Lariviere and Faustino dropped a place in the free but held onto fourth place overall because Scott and Dulebohn had too much of a deficit to overcome from the short program. Partnered since 1998 the couple made a big jump in the national standings last year, which earned them a berth on the Olympic, and world teams. She fell on both the triple toe loop and double Axel jumps and he fell while stroking between elements. These disruptions cost them on both sets of marks.

Lapses that could perhaps be attributed to a lack of focus caused Buntin to fall twice, once in the straight-line footwork sequence, during the free skate.
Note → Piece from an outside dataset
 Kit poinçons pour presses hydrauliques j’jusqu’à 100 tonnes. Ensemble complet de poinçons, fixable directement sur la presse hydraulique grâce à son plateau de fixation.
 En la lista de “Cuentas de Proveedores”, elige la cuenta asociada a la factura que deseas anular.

He and Marcoux did execute their jumps and throws but the program to the soundtrack of Pearl Harbor requires more speed. Their lack of time together as a partnership was more apparent in this phase of the competition but additional training and competitive experience should reap them benefits later in the season.

Orscher and Lucash dropped to seventh overall due to his errors on jumps in the free skate. Their jump set up is unusual with the take off back and front rather than side-by-side. Whether that technique is sound remains open to questioning. Lack of speed and a labored quality detracted from the program skated to an old chestnut, Spartacus.
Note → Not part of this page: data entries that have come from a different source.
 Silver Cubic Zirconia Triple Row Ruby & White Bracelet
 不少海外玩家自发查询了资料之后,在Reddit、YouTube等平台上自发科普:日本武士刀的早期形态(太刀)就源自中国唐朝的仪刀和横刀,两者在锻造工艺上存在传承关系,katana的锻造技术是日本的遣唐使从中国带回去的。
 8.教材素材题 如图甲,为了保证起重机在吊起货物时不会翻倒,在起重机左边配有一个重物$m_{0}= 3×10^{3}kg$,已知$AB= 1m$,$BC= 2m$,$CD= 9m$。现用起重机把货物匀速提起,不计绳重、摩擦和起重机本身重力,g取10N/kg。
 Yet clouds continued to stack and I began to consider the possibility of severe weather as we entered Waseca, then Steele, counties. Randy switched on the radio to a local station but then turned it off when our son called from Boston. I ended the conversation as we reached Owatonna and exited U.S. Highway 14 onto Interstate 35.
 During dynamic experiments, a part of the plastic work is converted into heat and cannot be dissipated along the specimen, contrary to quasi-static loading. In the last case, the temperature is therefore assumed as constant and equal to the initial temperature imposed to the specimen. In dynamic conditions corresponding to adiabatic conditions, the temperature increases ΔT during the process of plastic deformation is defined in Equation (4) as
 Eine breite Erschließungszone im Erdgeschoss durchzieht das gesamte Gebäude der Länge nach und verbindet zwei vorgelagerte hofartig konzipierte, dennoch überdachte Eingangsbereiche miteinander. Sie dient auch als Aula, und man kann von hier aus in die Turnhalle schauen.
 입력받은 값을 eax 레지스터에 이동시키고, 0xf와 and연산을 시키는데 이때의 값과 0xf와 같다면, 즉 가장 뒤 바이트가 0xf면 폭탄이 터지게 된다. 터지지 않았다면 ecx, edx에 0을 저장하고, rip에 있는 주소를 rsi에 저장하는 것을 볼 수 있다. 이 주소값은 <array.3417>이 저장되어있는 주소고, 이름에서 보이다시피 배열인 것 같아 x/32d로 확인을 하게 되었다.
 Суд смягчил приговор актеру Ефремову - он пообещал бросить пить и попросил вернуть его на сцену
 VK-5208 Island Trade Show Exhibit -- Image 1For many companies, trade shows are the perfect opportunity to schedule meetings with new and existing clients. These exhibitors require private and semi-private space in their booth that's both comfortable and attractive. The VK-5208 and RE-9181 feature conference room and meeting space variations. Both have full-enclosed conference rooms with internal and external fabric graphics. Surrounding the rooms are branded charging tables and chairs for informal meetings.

Langlois and Archetto’s program is front end loaded with technical difficulty but all went well with the throw triple Salchow, double Axel jumps and triple twist. She fell on the triple toe loop jump and popped the triple Salchow jump favoring her injured left ankle while he fell out on the Salchow landing. The lifts were steady and strong and the throw triple toe loop clean but the errors kept them in third. The duo purposely decided to compete back-to-back in Spokane and Quebec City so that they could get the competitions behind them and get back to full-time training.

Pang and Tong opened with triple toe loops and double Axels but ran into difficulties with the triple twist, which they execute as a lateral. As he caught her she came down between his legs and they collided but managed to keep from falling. They both traveled on the camel spin but somehow were able to stay in unison. She fell on the second double Axel and omitted the double toe loop but he completed the jump sequence. Her landings of the throws were sure and steady despite his overly aggressive launching of her. Their program to Piano Concerto #2 was otherwise nicely performed. They also elected to compete at Skate America and Skate Canada acknowledging the warm reception they have received from North American audiences.
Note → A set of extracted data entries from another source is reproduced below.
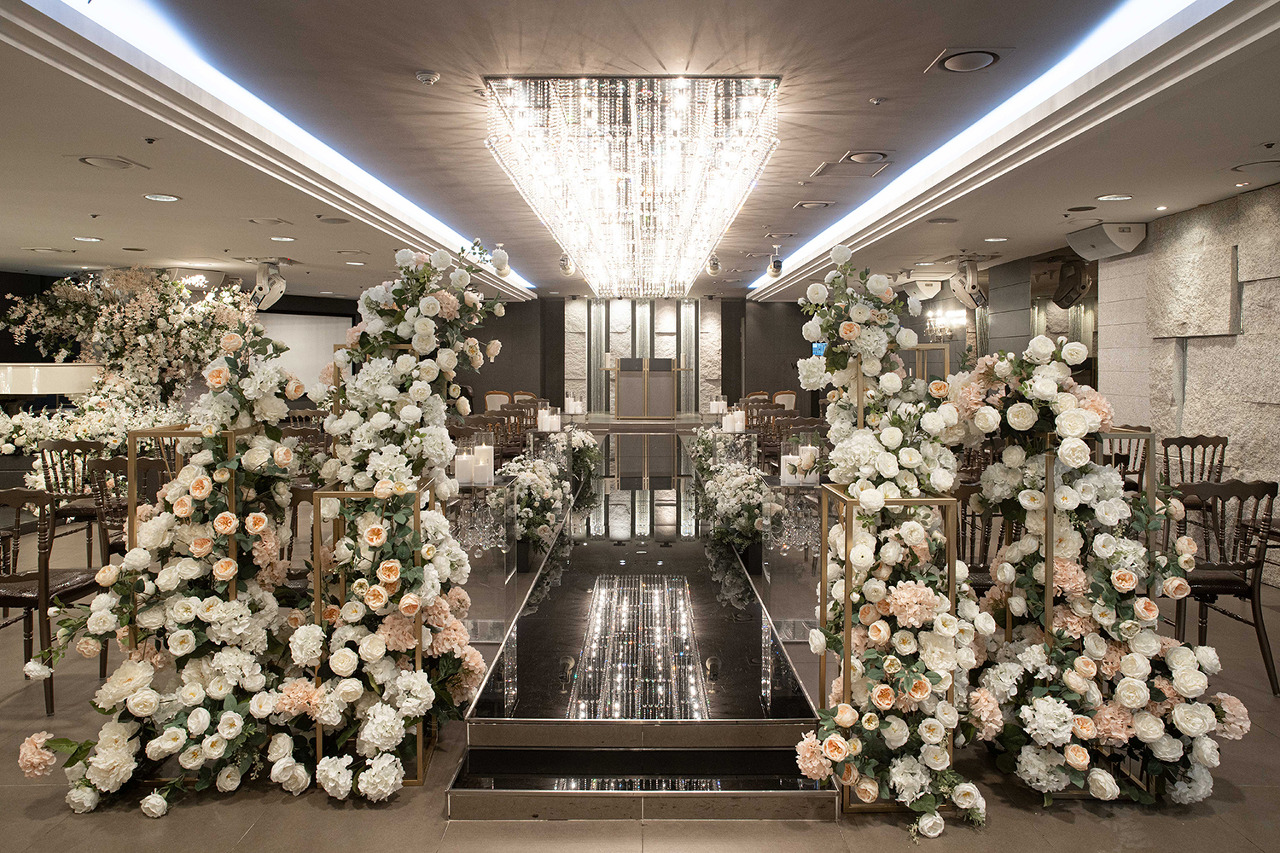 - 홀 인테리어가 예쁘다는 평가가 많은 인기있는 웨딩홀
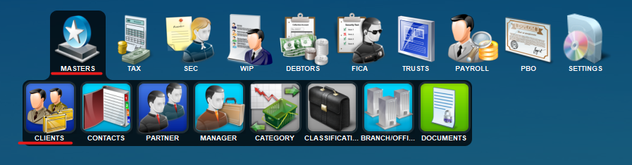 By Creating a record under the Tax Info, Sec Info, WIP Info and Billing Info will tag them for these modules, this can be seen under the Clients details as those modules will appear in green.
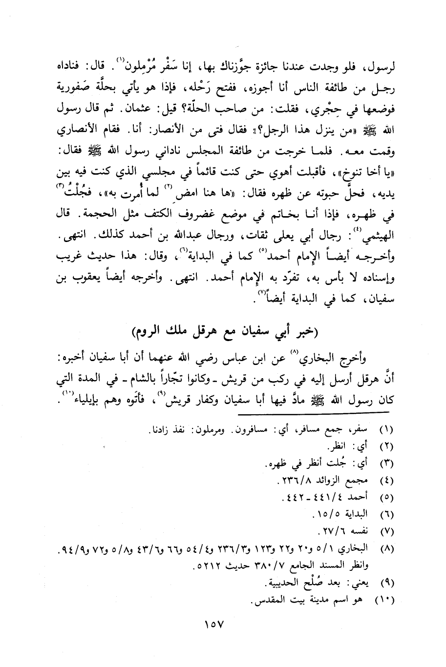 وأخرج البخاري عن ابن عباس رضي الله عنهما أن أبا سفيان أخبره: أنَّ هرقل أرسل إليه في ركب من قريش - وكانوا تجّاراً بالشام - في المدة التي كان رسول الله صلى الله عليه وسلم مادَّ فيها أبا سفيان وكفار قريش، فأتَوه وهم بإيلياء.
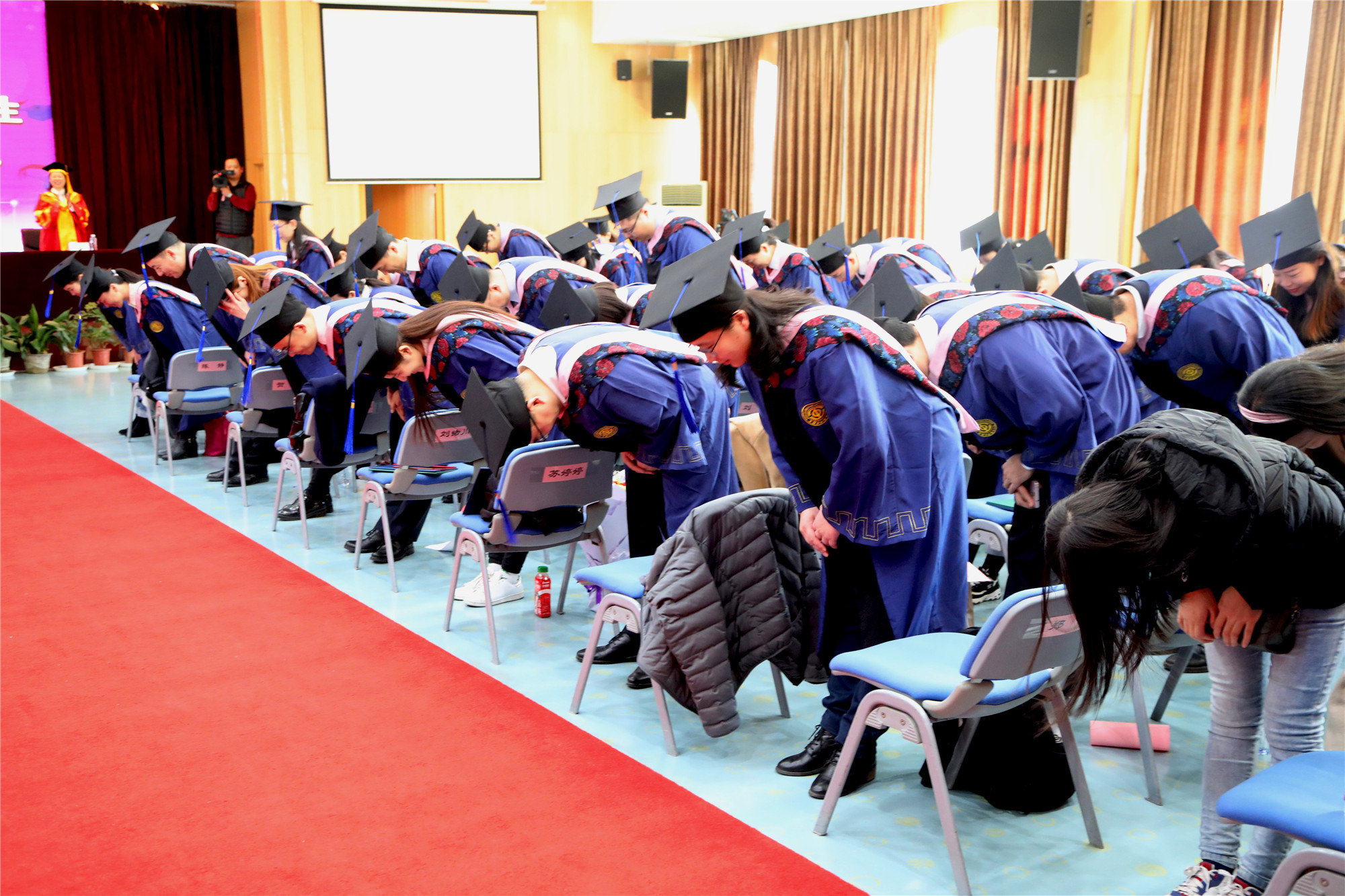 典礼最后,毕业生们全体起立,深深地向所有老师鞠躬致敬,对为研究生教育默默奉献的领导和教职员工表达最真挚的谢意,带着学校的美好祝福踏上新的征程。

Totmianina and Marinin skated to The Cotton Club soundtrack. A rough catch on the triple twist and weak position on the death spiral marred an otherwise strong technical performance. They lost some steam during the combination spin and ended after the music. She still needs to work on expression and get more into character to convey the playful and comedic nuances of the music. They said that the music was selected keeping in mind that the 2003 world championships will be held in Washington, D.C. and the program would be more appreciated by the predominantly American audience. Choreographer Giuseppe Arena also edited the music and designed their costumes. Their third competition and second scoring Grand Prix event is in several weeks at Trophee Lalique in Paris. Coach Vasiliev had this to say about his team, "First place is still first place, (but) the long program was skated better this week, this is still early in the season and it is important to get the experience." "You will see better skating at the Grand Prix Final and world championships," he promised.

Perhaps already counting on another victory here and looking to reward herself, Totmianina was spotted on Friday morning browsing in the fur boutique at the Hotel Chateau Frontenac.

Hopefully the couples competing at the four remaining Grand Prix events will add to the depth of entries seen in the first two competitions. Abitbol and Bernadis’s readiness remains a mystery, as the extent to which she has recovered from her tendon injury, which necessitated surgery is unknown. Petrova and Tikhonov are looking to recapture the spark and consistency that earned them a world title in 2000.

Nancy Kerrigan, 1994 Olympic silver medallist, has been added to the ABC line-up of skating commentators and was observed back stage interviewing the skaters exiting the Kiss and Cry area.